Gestos agressivos podem antecipar atos de violência contra o parceiro na relação do casal. Aprenda a reconhecer sinais de perigo
Quem não se lembra do caso da adolescente Eloá Cristina Pimentel, de 15 anos, morta a tiros pelo ex-namorado, Lindemberg Alves Fernandes, em 2008? E da cabeleireira Maria Islaine de Morais, de 31 anos, assassinada pelo ex-marido no ano passado? As imagens, gravadas pela câmera de segurança de seu salão, correram o País. De acordo com especialistas, é possível enxergar alguns sinais de que a violência está virando rotina para um casal. O problema é que, no auge da paixão, é mais fácil justificar um ato agressivo do que encará-lo como tal.
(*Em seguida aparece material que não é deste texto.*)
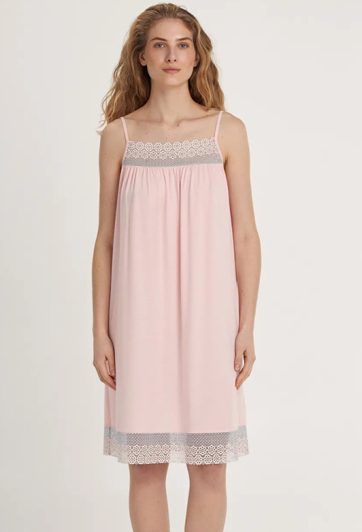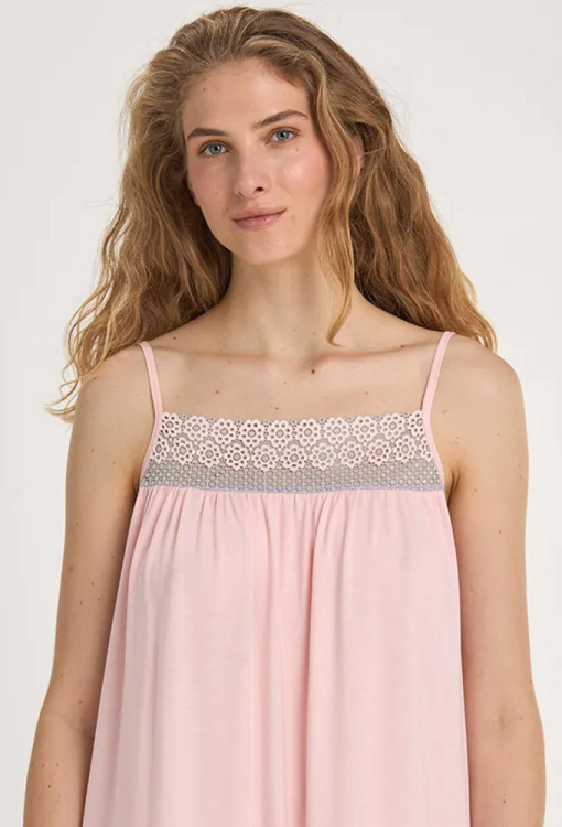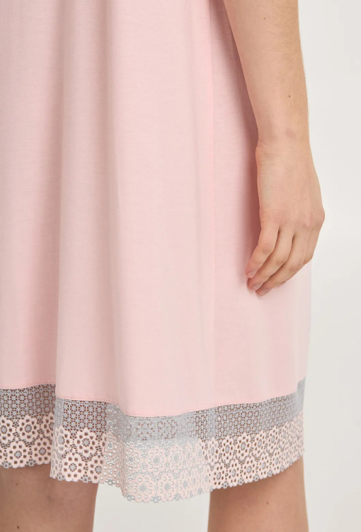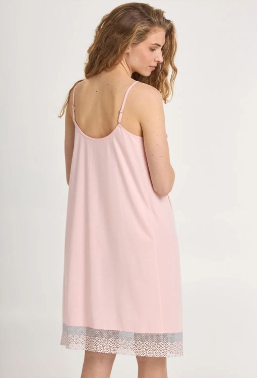 Чарівна нічна сорочка з колекції Katherine від українського бренду Ellen. Сорочка виконана з якісного та м'якого сумішевого модалу рожевого кольору, вільного силуету та довжиною вище колін. Модель на тонких бретелях, що регулюються, з прямокутним декольте і круглим вирізом на спині, верх і низ виробу прикрашені широкими вставками з ажурного мережива. Нічна сорочка дуже гарна і комфортна, ідеальна для сну і домашнього відпочинку, також може бути корисним подарунком коханій або близькій людині.
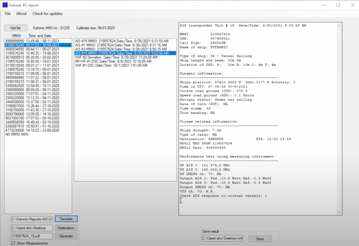 Futronic MKII provides a complete set of test results aligned with the survey reports for faster reporting. EPIRB and AIS reports are generated automatically by the PC software. Ready for sign-off. The PC software is always updated in relation to the latest IMO requirements and is always available to download here.
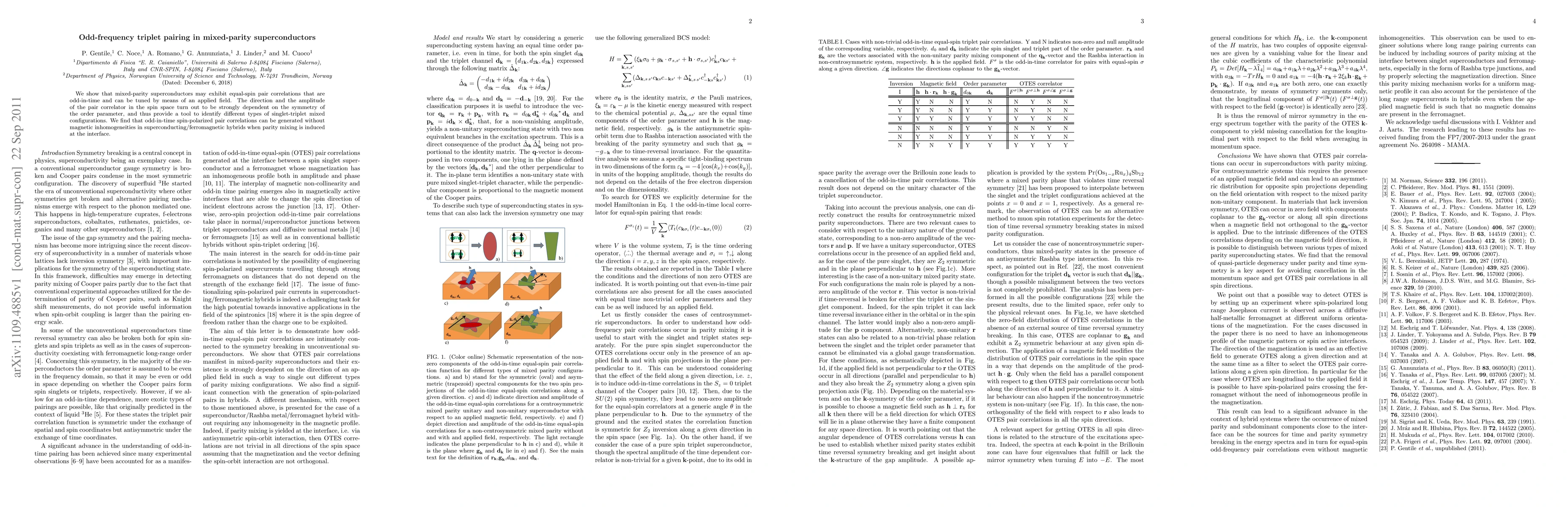 This paper reveals the existence of odd-frequency triplet pairing in mixed-parity superconductors, showing that these systems can exhibit spin-polarized pair correlations that can be controlled by external fields. The findings suggest a method to distinguish between different mixed singlet-triplet configurations through their spin-dependent pairing properties.

“Os sinais já são uma violência por si só. O parceiro que grita, humilha ou dá um empurrão já está agredindo. É preciso ficar atento a estes gestos”, afirma a psicóloga Margareth Volpi, mestre em terapia familiar e de casais pela Pontifícia Universidade Católica (PUC) de São Paulo. Ela enumera algumas ações que não deveriam fazer parte de um relacionamento saudável. “Quando há proibições unilaterais, ou seja, sem diálogo, é muito ruim. O proibir porque simplesmente não quer, sabe? Pode ser uma roupa mais curta ou ter amigos do sexo oposto. Também é preocupante quando há uma relação de ‘propriedade’ no relacionamento. Ninguém pode ser dono de outra pessoa.”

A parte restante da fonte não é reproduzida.